Custom I/O¶

The custom I/O feature allows a user to provide the desired layout and precision for the inputs and outputs while loading a network. Instead of compiling the network for the inputs and outputs specified in the model, the network is compiled for the inputs and outputs described in the custom configuration. This feature is used when the user intends to preprocess (on GPU/CDSP or any other method) or offline process (like allowed by ML commons) the input data and avoid some steps in the input processing. A user can avoid redundant transposes, data-type conversions if they have knowledge of the input preprocessing steps. Similarly, on the postprocessing side, if the model output is to be fed to a next stage in a pipeline, the desired format and type can be configured as the output of current stage.

In case of layout, the user can choose either ‘NHWC’ or ‘NCHW’ if the rank of the tensor is four.
In case of precision, the user can choose either ‘float’, ‘float16’, or ‘int8’ datatypes. For the ‘int8’ datatype, quantization parameters should also be provided.

This feature is compatible with other features such as mixed precision, external quantization, and quantization profile generation.

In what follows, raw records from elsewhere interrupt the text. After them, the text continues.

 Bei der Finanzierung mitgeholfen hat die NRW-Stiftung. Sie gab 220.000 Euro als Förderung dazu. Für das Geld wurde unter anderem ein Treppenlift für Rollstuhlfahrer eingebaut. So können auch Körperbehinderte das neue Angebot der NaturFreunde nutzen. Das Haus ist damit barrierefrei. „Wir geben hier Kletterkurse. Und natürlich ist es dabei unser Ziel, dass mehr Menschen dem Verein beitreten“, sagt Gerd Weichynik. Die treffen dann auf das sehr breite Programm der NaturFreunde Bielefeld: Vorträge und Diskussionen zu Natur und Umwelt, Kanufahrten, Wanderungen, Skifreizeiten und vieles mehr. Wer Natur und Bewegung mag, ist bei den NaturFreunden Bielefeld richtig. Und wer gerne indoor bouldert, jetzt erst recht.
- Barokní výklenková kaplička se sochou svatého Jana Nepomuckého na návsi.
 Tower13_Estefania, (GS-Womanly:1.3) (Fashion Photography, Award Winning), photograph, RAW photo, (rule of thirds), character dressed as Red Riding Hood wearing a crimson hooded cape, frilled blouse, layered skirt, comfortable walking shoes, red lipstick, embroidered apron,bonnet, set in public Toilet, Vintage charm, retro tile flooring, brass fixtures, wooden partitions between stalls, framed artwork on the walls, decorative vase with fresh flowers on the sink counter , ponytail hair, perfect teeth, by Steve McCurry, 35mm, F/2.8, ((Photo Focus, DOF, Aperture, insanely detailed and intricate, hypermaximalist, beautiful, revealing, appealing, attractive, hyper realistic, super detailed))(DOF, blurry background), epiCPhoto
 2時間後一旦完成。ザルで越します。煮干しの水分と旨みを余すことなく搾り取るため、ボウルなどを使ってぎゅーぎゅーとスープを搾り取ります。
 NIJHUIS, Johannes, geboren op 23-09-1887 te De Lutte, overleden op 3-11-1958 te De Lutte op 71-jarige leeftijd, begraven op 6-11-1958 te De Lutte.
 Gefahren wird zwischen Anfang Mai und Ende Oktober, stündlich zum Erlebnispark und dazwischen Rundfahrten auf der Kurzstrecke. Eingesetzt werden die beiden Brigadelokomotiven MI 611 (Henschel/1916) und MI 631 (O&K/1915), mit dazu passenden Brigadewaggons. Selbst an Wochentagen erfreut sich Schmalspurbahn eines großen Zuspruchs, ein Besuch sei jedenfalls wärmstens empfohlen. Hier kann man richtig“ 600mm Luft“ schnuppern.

In this section, the term “model I/O” refers to the input and output datatypes and formats of the original model. The term “custom I/O” refers to the input and output datatypes and formats desired by the user.

Custom I/O configuration file¶

YAML schema

Custom I/O can be applied using a configuration YAML file that contains the following fields for each input and output that needs to be modified:
- IOName: Name of the input or output that needs to be loaded as per the custom requirement.
- Layout: NCHW and NHWC layouts are supported. This field is optional and can be skipped for an input or output if rank is not equal to four or if layout customization is not required.
- Precision: float, float16, and int8 datatypes are supported. This field is optional and can be skipped for an input or output if datatype customization is not required.
- Scale: scale value. This field is mandatory if the ‘Precision’ is specified as ‘int8’. This field is optional for other datatypes, and it will be ignored even if provided.
- Offset: offset value. This field is mandatory if the ‘Precision’ is specified as ‘int8’. This field is optional for other datatypes, and it will be ignored even if provided.
Custom I/O configuration example

Consider an ONNX model with three inputs and three outputs and with the original model I/O and custom I/O configuration as shown in the following tables.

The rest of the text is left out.